We report the rare case of an 18-year-old man who developed a necrotizing cutaneous reaction 5 days after having a permanent black tattoo on his left forearm spelling his name. Three cases of reactions to permanent black tattoos have been reported within the literature. These cases described the development of cellulitis of the skin adjacent to the tattoo but none reported florid necrotizing cutaneous reactions. The initial management with oral antibacterials failed to resolve the symptoms and use of intravenous antibacterials and topical corticosteroids was needed. Six weeks after presentation the tattoo lettering showed the presence of hyperpigmented skin. Subsequent patch testing confirmed that the patient had no allergy to black tattoo pigments suggesting that the necrotizing cutaneous reaction was secondary to infection. We show that successful treatment of this rare infective complication of permanent black tattoos involves the early institution of intravenous antibacterial agents and topical corticosteroids.     

The Q-switched neodymium: YAG laser and tattoos: a microscopic analysis of laser-tattoo interactions

The Nd:YAG laser effectively removes or lightens amateur and professional tattoos. The biomechanics of the removal of tattoo particles at the cellular level are incompletely understood. We examined biopsies obtained from 35 amateur and professional tattoos (including coloured tattoos), treated on three or more occassions with the Nd:YAG laser. Biopsies taken immediately after laser treatment showed vacuolation with complete clearance of tattoo particles in the most superficial layers of the dermis, as assessed by light and electron microscopy. We propose that the ‘disappearance’ of the tattoo particle arises from the formation of atomic species and gaseous products, which are rapidly dissolved in the extracellular fluid. Residual fragmented particles that are commonly found in the mid-and lower dermis are rephagocytosed. The interaction between the Nd:YAG laser and black tattoo particles at 1064nm, and red tattoo particles at 532nm, appears to be specific, as there was little evidence of thermal damage to adjacent cells or stromal collagen.     
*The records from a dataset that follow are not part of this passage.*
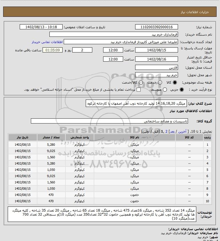 استعلام میلگرد 14,16,18,20 تولید کارخانه ذوب آهن اصفهان یا کارخانه ابرکوه, استعلام میلگرد 14,16,18,20 تولید کارخانه ذوب آهن اصفهان یا کارخانه ابرکوه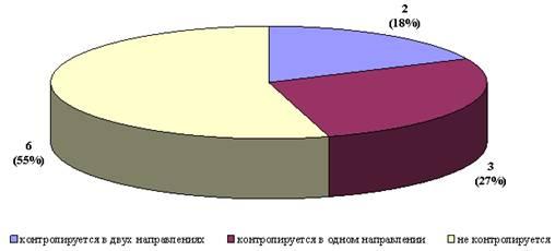 На основании данных приведенных в таблице 1.1 и на рисунке 1.1 из 11 городских автобусных маршрутов, обслуживаемых РДАУП "Автобусный парк № 1" г. Гомеля только 2 маршрута (18%) контролируется в двух направлениях, 3 маршрута (27%) — в одном направлении, 6 маршрутов (55%) вообще не контролируются.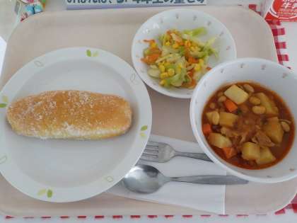 本日の給食は、揚げパン・ポークビーンズ・オニオンドレッシングサラダ・牛乳です。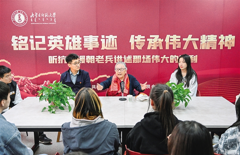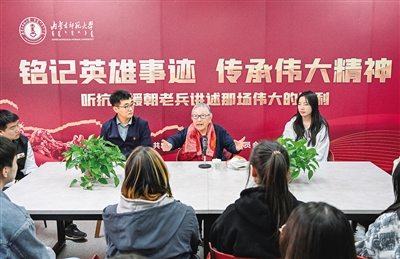 3月21日,90岁老兵付景彦为大学生们讲述抗美援朝亲身经历。当日,内蒙古师范大学开展“铭记英雄事迹 传承伟大精神”抗美援朝老兵讲那场伟大的胜利主题活动,将学雷锋志愿服务活动持续进行。现场,付景彦老人与团员青年学生面对面,号召大学生怀揣爱国情怀,为实现中华民族伟大复兴的中国梦而努力奋斗。 本报记者 王磊 摄

Tattooing of skin results in transportation and light-induced decomposition of tattoo pigments – a first quantification in vivo using a mouse model

Abstract:  Millions of people are tattooed with inks that contain azo pigments. The pigments contained in tattoo inks are manufactured for other uses with no established history of safe use in humans and are injected into the skin at high densities (2.5 mg/cm²). Tattoo pigments disseminate after tattooing throughout the human body and although some may photodecompose at the injection site by solar or laser light exposure, the extent of transport or photodecomposition under in vivo conditions remains currently unknown. We investigated the transport and photodecomposition of the widely used tattoo Pigment Red 22 (PR 22) following tattooing into SKH-1 mice. The pigment was extracted quantitatively at different times after tattooing. One day after tattooing, the pigment concentration was 186 μg/cm² skin. After 42 days, the amount of PR 22 in the skin has decreased by about 32% of the initial value. Exposure of the tattooed skin, 42 days after tattooing, to laser light reduced the amount of PR 22 by about 51% as compared to skin not exposed to laser light. A part of this reduction is as a result of photodecomposition of PR 22 as shown by the detection of corresponding hazardous aromatic amines. Irradiation with solar radiation simulator for 32 days caused a pigment reduction of about 60% and we again assume pigment decomposition in the skin. This study is the first quantitative estimate of the amount of tattoo pigments transported from the skin into the body or decomposed by solar or laser radiation.